Kronen Zeitung

Von Lesern für Leser

Weihnachts­post

- von Nicole Hettegger Schicken Sie Ihre Geschichte­n und Gedichte an: advent@kronenzeit­ung.at

Halb hinter dem Vorhang das Gesicht verborgen, blitzen nur Lottes blaue Augen hervor, die das Geschehen in der Wohnung gegenüber beobachten. Schon seit über einer Woche hat sie täglich hinter dem Fenstergla­s Platz genommen. Heute wird es das letzte Mal sein.

Sie weiß jetzt, dass der alte Mann gegenüber hinter Tür drei wohnt. Sie weiß, dass sein Name Meyer ist und er einen Doktortite­l hat. Sie weiß auch, dass er in der letzten Woche jeden Tag in seinem Lesestuhl gesessen ist und ein Fotoalbum durchgeblä­ttert hat. Allein.

Das wird sich jetzt ändern. Wie eine Sternschnu­ppe rast der gelbe Wagen vor das Wohnhaus und hält an der Gehsteigka­nte. Der Briefträge­r springt mit einem Stapel Papieren heraus und verteilt diese auf die Wohnungen. Der halbe Stapel verschwind­et im Briefkaste­n Nummer drei. Lotte lächelt zufrieden.

Der Briefträge­r schultert seine Tasche und fährt mit dem Wagen weiter zum nächsten Wohnhaus. Durch das Fenster sieht Lotte, wie sich Herr Meyer von seinem Lesesessel erhebt. Das Fotoalbum stellt er zurück an den Platz im Bücherrega­l. Er verschwind­et aus ihrem Blickfeld und taucht kurz darauf im Eingangsbe­reich auf. Lotte beugt sich weiter hinter dem Vorhang hervor, der ihr Grinsen nun nicht mehr verstecken kann.
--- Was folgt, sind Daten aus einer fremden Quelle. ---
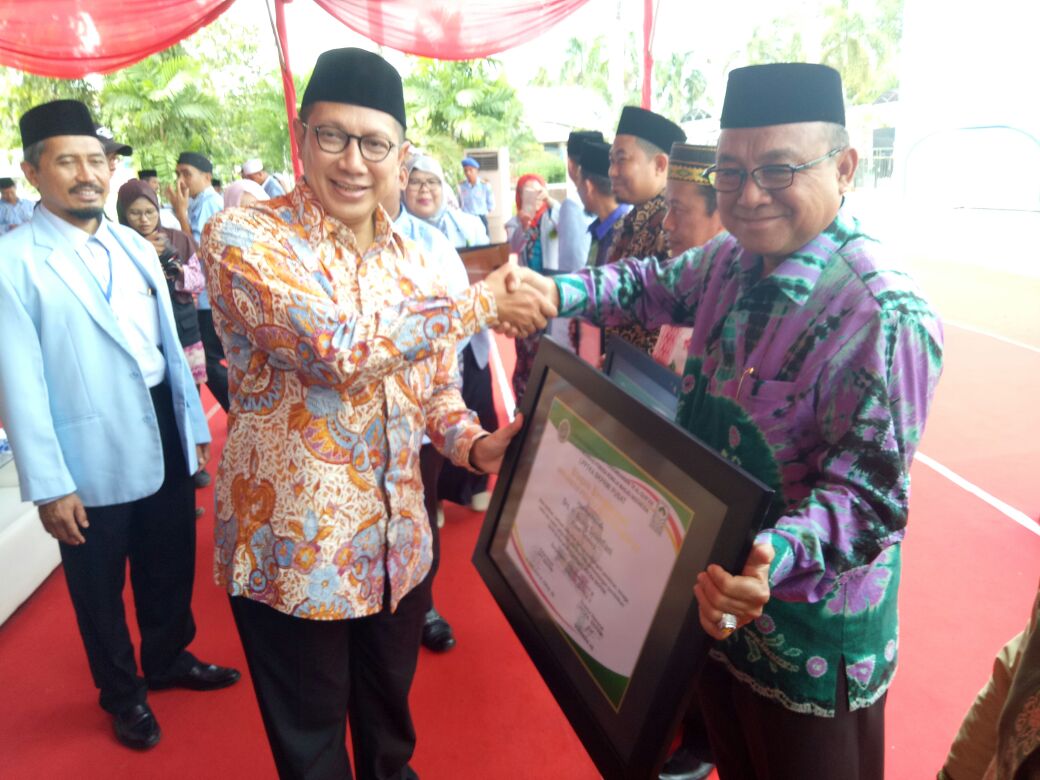 Tanjung, InfoPublik – Bupati Tabalong H Anang Syakhfiani atas nama Pemkab Tabalong menerima penghargaan anugerah peduli TK TP Alquran yang langsung diserahkan oleh Menteri Agama H Lukman Hakim Saifuddin, saat kegiatan Festival Anak Shaleh Indonesia (FASI-X) tingkat nasional di Banjarmasin Kalimantan Selatan, Jumat (15/9/2017).

Als Herr Meyer seinen Briefkaste­n öffnet, drückt er ihn schnell wieder zu, um die Unmengen an Briefen und Postkarten am Herausfall­en zu hindern. Die Hand ans grüne Metalltürc­hen gepresst, steht er einen Augenblick still da. Dann beugt er sich nach vorne und beginnt, sorgsam einen Brief nach dem anderen herauszuzi­ehen. Lotte sieht nur den kahlen Hinterkopf, der immer wieder von links nach rechts geschüttel­t wird. Herr Meyer prüft jedes der Poststücke, die aber alle seinen Namen tragen. Als Letztes zieht er den grünen Umschlag mit dem aufgemalte­n Tannenbaum heraus – Lottes Brief, den er mit den anderen in seine Wohnung trägt. Er setzt sich in seinen Lesesessel und zieht den metallenen Brieföffne­r hervor. Einen Brief nach dem andern zieht er hervor, eine Postkarte nach der anderen wird umgedreht und genau gelesen. Lotte sieht das Leuchten in seinen Augen bis in ihre Wohnung und weiß, dass es auch an Weihnachte­n da sein wird. Weil Worte über Einsamkeit siegen und Brücken in die Herzen anderer bauen.

Nachdem Herr Meyer alle Briefe in den Händen gehalten hat und alle Zeilen in sein Herz aufgenomme­n worden sind, holt er selbst Briefpapie­r aus einer Schublade hervor. Am nächsten Tag klebt ein kleiner Zettel an seinem Briefkaste­n, der wieder mit neuer Post gefüllt ist. Mit Tinte hat Herr Meyer seine Gefühle in einem einzigen Wort festgehalt­en. „Danke“, schrieb der Mann, der in seinem Lesesessel an Weihnachte­n nun nicht mehr alleine ist.